Ayn Odin
- Manufacturer: Ayn
- Type: Handheld video game console
- Generation: Eighth generation
- Released: 2022
- Introductory price: $200 (Lite) $240 (Base) $290 (Pro)
- Operating system: Android
- CPU: Mediatek Dimensity D900 (Lite) Qualcomm Snapdragon 845 (Base, Pro)
- Memory: 4 GB (Base) 6 GB (Lite) 8 GB (Pro)
- Removable storage: SD card
- Successor: Odin 2

= Ayn Odin =

Handheld video game console

The Ayn Odin is an Android-based handheld video game console created in China by the company Ayn. A retrogaming emulation and mobile gaming console, it is slightly smaller than the Nintendo Switch. It was released in three models of increasing price, the Lite, Base, and Pro. The product of a successful Indiegogo campaign, it was critically praised at the time of release as one of the most powerful handheld consoles for the price, able to reliably play games from the sixth generation of home consoles. A successor, named the Ayn Odin 2 was released in fall 2023.

== Specifications ==
Measuring 224 × 95 × 15 mm, the console uses a 6-inch 1080p touchscreen in all models. It has clickable asymmetrical analog sticks, as well as stacked shoulder buttons and analog triggers. The system's case is illuminated on the outside by blue LED lighting accents.

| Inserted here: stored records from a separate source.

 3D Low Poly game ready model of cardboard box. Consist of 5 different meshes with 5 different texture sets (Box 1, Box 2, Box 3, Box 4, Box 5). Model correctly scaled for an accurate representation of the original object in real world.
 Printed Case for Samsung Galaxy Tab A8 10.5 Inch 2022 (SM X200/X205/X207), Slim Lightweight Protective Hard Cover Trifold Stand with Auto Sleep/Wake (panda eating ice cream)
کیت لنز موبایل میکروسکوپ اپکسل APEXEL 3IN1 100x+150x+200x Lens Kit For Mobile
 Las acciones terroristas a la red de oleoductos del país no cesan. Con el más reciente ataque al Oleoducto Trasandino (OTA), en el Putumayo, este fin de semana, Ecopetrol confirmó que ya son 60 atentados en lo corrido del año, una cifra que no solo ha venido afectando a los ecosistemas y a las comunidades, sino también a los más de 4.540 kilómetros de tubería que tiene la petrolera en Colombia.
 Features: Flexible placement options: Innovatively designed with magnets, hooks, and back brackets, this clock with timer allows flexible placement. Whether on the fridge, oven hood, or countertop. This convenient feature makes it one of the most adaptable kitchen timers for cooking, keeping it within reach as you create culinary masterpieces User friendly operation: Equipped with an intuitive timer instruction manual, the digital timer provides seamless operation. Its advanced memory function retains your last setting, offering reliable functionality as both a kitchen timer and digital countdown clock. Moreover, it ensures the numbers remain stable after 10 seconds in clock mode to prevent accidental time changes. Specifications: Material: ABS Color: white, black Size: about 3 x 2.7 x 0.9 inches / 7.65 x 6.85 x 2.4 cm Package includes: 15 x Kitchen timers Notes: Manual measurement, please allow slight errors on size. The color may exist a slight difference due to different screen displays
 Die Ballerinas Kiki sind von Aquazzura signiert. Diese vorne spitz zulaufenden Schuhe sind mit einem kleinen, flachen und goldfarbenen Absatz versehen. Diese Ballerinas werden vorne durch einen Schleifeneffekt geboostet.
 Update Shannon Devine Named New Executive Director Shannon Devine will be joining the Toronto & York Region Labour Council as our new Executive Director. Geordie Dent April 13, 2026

The system has an optional "Super Dock" accessory that allows it to play on a larger screen, similar to the Switch dock. The dock also contains dedicated ports for GameCube and N64 controllers, as well as Ethernet and USB-C/SATA.

== Reception ==
Gerald Lynch of TechRadar rated the console 5/5 stars, calling it one of the most powerful gaming handhelds of all time, and praising the build quality and ability to play a vast number of games, while criticizing its processor as "slightly older".

James Trew of Engadget called the system "the retro gaming handheld to beat", commenting that F-Zero GX could run at full speed on the device and praising its ability to emulate the GameCube and PlayStation 2 libraries while also being well-made and reasonably priced.

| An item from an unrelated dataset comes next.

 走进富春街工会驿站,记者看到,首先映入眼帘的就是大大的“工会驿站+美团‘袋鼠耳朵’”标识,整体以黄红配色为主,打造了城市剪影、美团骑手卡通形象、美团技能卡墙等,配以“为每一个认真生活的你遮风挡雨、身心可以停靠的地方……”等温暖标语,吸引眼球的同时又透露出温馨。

Will Greenwald of PCMag called it a system with "loads of potential", although commenting that it was "fairly limited out of the box", requiring "extensive sideloading". Alan Zhang of 4Gamer.net praised the system's build quality and buttons, but called it weaker than recent smartphones.

Community support continues for the device. On July 17, 2026, the community Android distribution LineageOS added official support for the device - upgrading it to Android 16 (LineageOS 23.2).